#### [Exercise prompt]
Every line of the data below is to be given again as it appears, with the images removed.
Exercise data Block Start
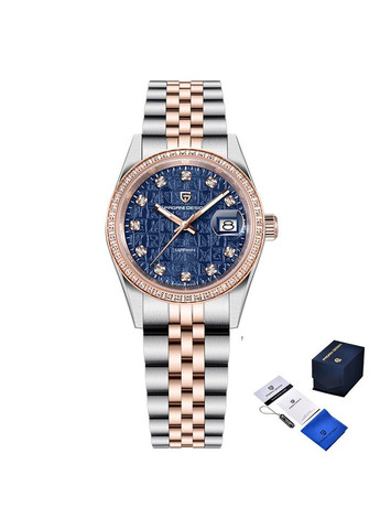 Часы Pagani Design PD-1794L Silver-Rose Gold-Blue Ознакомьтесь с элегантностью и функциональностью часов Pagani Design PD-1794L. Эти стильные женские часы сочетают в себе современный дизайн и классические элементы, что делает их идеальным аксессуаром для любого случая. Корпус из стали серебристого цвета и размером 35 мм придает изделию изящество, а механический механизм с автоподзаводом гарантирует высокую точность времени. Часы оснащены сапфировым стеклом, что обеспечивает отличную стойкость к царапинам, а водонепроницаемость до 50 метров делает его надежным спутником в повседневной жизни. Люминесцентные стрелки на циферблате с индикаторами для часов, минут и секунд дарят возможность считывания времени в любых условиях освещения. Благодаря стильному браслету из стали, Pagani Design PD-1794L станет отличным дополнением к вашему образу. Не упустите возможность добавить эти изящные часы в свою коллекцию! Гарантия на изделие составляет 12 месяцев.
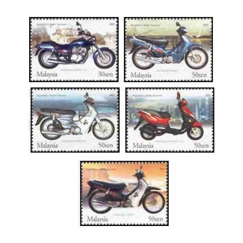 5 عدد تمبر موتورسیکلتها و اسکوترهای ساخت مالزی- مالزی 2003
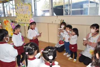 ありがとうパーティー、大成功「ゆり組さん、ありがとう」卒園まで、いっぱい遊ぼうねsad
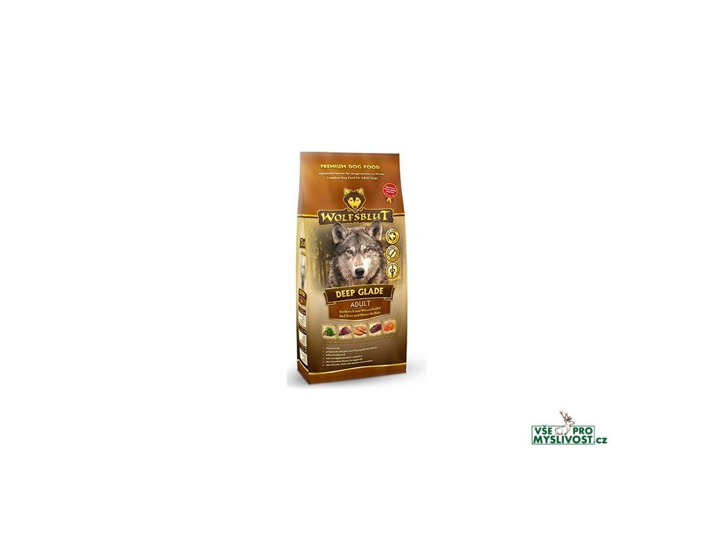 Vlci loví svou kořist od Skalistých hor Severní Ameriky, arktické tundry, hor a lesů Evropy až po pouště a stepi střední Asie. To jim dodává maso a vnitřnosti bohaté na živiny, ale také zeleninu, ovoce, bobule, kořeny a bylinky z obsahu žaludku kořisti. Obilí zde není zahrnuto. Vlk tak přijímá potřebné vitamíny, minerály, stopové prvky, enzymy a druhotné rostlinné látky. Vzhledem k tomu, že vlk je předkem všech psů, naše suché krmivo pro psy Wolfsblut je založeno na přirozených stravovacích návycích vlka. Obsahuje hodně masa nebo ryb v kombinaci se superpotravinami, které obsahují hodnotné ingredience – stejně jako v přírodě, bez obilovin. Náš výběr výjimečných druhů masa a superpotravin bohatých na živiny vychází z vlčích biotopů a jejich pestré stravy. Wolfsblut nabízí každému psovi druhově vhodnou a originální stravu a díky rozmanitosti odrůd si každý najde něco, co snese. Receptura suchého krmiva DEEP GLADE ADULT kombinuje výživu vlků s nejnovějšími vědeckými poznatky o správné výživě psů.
Exercise data Block End
#### [Task response]
 Часы Pagani Design PD-1794L Silver-Rose Gold-Blue Ознакомьтесь с элегантностью и функциональностью часов Pagani Design PD-1794L. Эти стильные женские часы сочетают в себе современный дизайн и классические элементы, что делает их идеальным аксессуаром для любого случая. Корпус из стали серебристого цвета и размером 35 мм придает изделию изящество, а механический механизм с автоподзаводом гарантирует высокую точность времени. Часы оснащены сапфировым стеклом, что обеспечивает отличную стойкость к царапинам, а водонепроницаемость до 50 метров делает его надежным спутником в повседневной жизни. Люминесцентные стрелки на циферблате с индикаторами для часов, минут и секунд дарят возможность считывания времени в любых условиях освещения. Благодаря стильному браслету из стали, Pagani Design PD-1794L станет отличным дополнением к вашему образу. Не упустите возможность добавить эти изящные часы в свою коллекцию! Гарантия на изделие составляет 12 месяцев.
 5 عدد تمبر موتورسیکلتها و اسکوترهای ساخت مالزی- مالزی 2003
 ありがとうパーティー、大成功「ゆり組さん、ありがとう」卒園まで、いっぱい遊ぼうねsad
 Vlci loví svou kořist od Skalistých hor Severní Ameriky, arktické tundry, hor a lesů Evropy až po pouště a stepi střední Asie. To jim dodává maso a vnitřnosti bohaté na živiny, ale také zeleninu, ovoce, bobule, kořeny a bylinky z obsahu žaludku kořisti. Obilí zde není zahrnuto. Vlk tak přijímá potřebné vitamíny, minerály, stopové prvky, enzymy a druhotné rostlinné látky. Vzhledem k tomu, že vlk je předkem všech psů, naše suché krmivo pro psy Wolfsblut je založeno na přirozených stravovacích návycích vlka. Obsahuje hodně masa nebo ryb v kombinaci se superpotravinami, které obsahují hodnotné ingredience – stejně jako v přírodě, bez obilovin. Náš výběr výjimečných druhů masa a superpotravin bohatých na živiny vychází z vlčích biotopů a jejich pestré stravy. Wolfsblut nabízí každému psovi druhově vhodnou a originální stravu a díky rozmanitosti odrůd si každý najde něco, co snese. Receptura suchého krmiva DEEP GLADE ADULT kombinuje výživu vlků s nejnovějšími vědeckými poznatky o správné výživě psů.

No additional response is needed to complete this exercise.